Group also accelerates repeat. Every week, you’re not just talking to a therapist; you’re
practising new skills in front of real humans. You say, “No, that doesn’t work for me,” and notice
that the ceiling doesn’t fall in. You take a risk and share something vulnerable and find, to your
surprise, that people lean in instead of backing away. That’s repetition: dozens of small,
embodied experiences that prove your old story wrong.
And the reframe that happens in group can be radical. When other people reflect back to you
what they see—your resilience, your kindness, your patterns—you start to see angles on your
life you could never have seen alone. You realise that maybe you’re not lazy; maybe you’re
exhausted. Maybe you’re not hopeless; you’re unpractised. Maybe your “I can’t” is really “I’ve
never had the right kind of help before.” Those are all reframes. They don’t erase responsibility
—they make real responsibility possible.
Put bluntly, if lying by the pool is “change or die” the way most of us do it—alone, discouraged,
surrounded by people just as stuck—then good therapy and group work are modern versions of
what Jesus did that day: they put a living, challenging, compassionate presence right in front of
your well‑rehearsed story and ask, “What if this didn’t have to be the end of the sentence?”

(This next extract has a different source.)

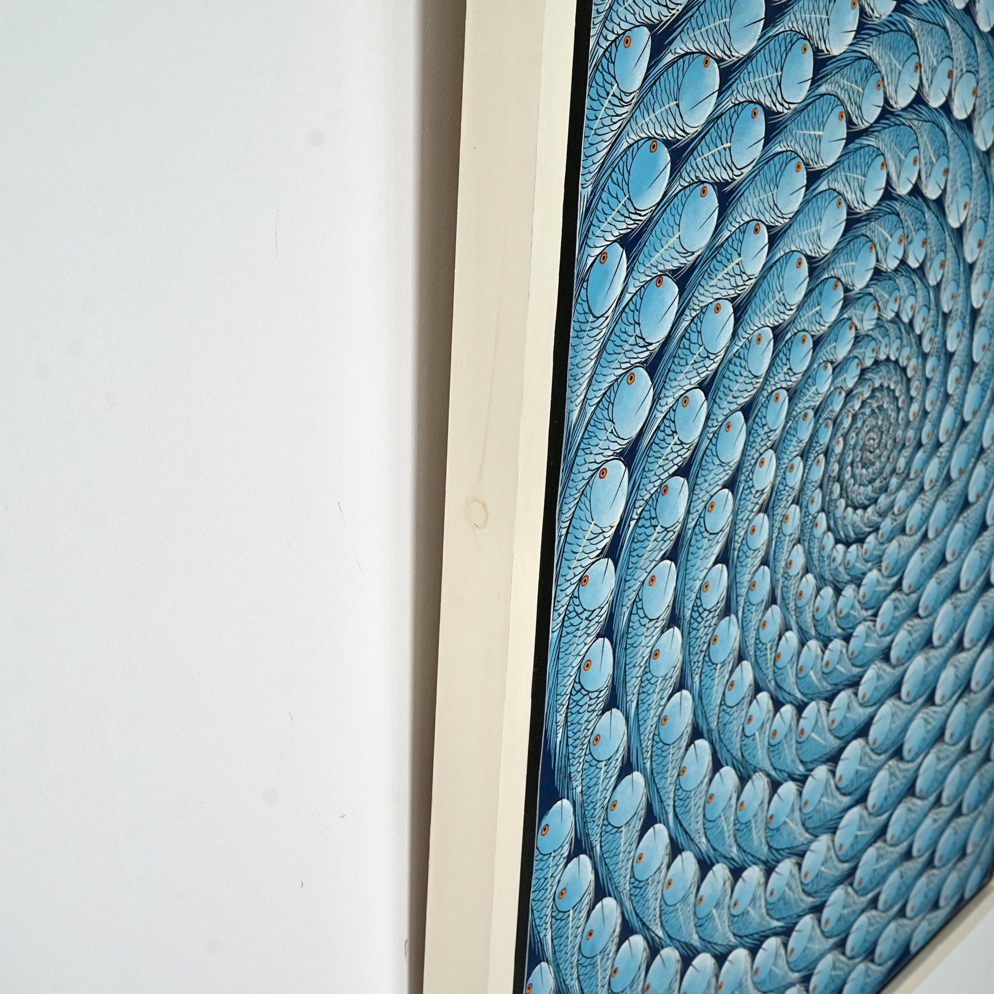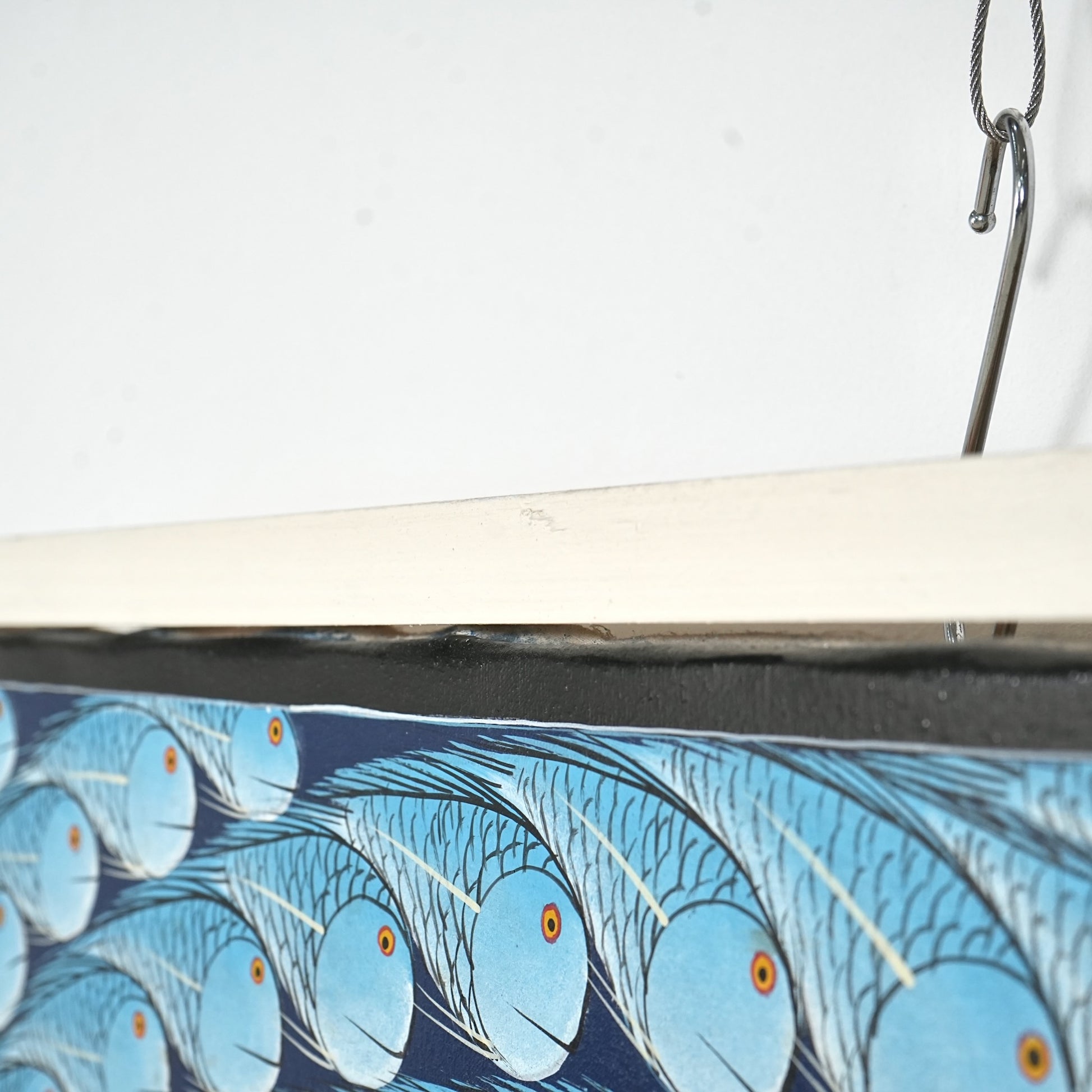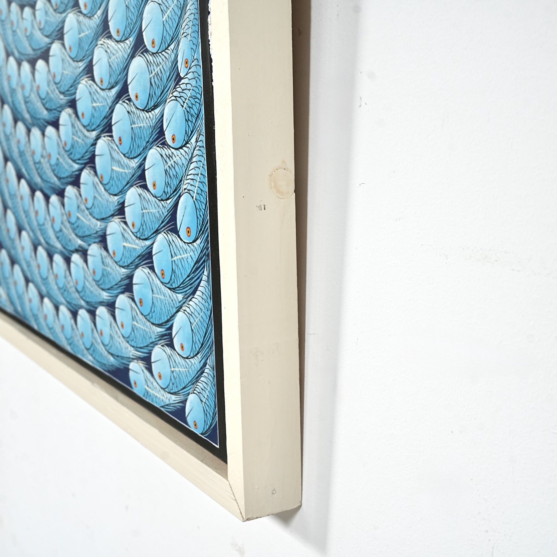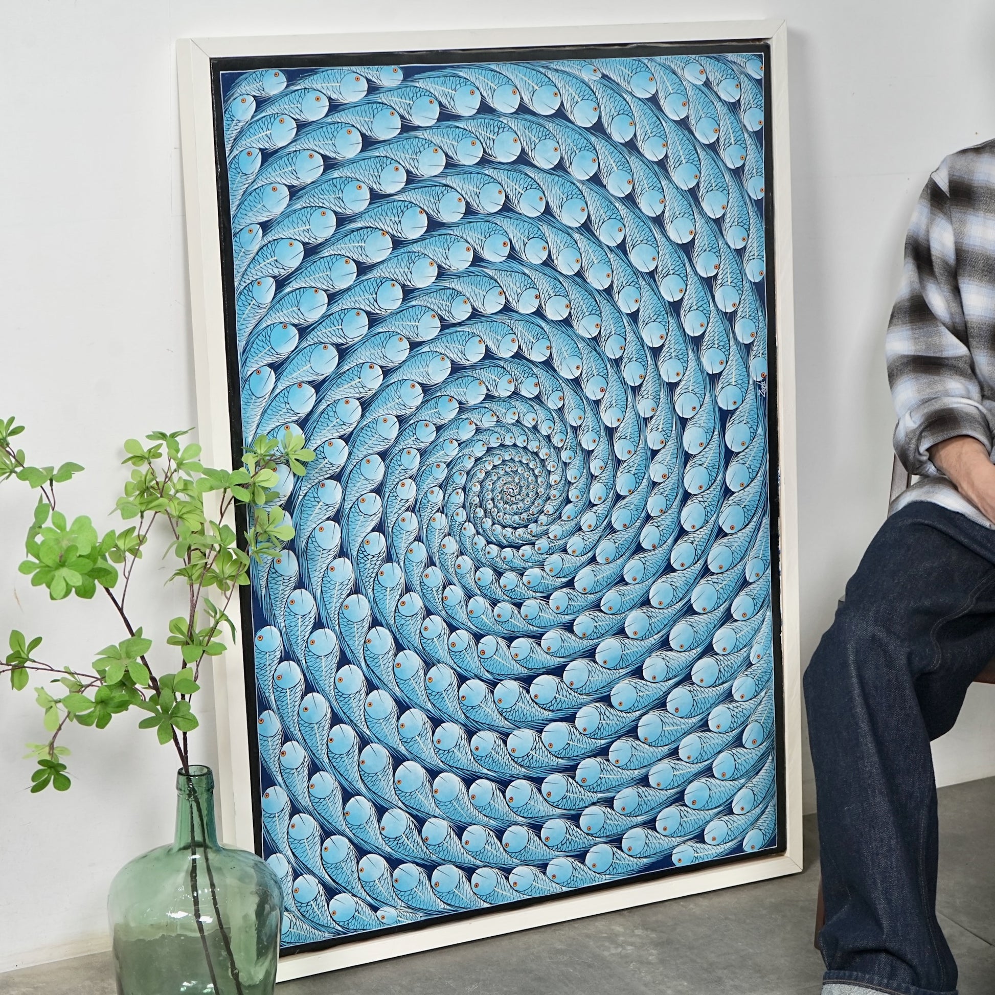 ブルーを基調とした涼やかな色調の中に、繰り返し描かれた魚たちがリズムを生み、どこか音楽的な高揚感すら宿しています。

Not everyone wants that. Some people are deeply attached to their mat and their porch and
their “pool buddies.” Some church folks are attached to their suffering; some therapy clients are
attached to their diagnosis. Letting go of that can feel like a kind of death. But for those who are
tired enough of their own story to try something different, a therapy room or a circle of chairs can become holy ground—a place where relate, repeat, and reframe start doing their quiet,
powerful work.
Which means the real invitation, whether you’re reading John 5, or Change or Die, or an intake
form for a group, is the same. You can keep lying by the pool, explaining. Or you can risk a new
relationship, show up often enough to repeat new habits, and allow your whole way of seeing
yourself to be reframed.
In other words: you can keep telling your story. Or you can stand up and start living a new one.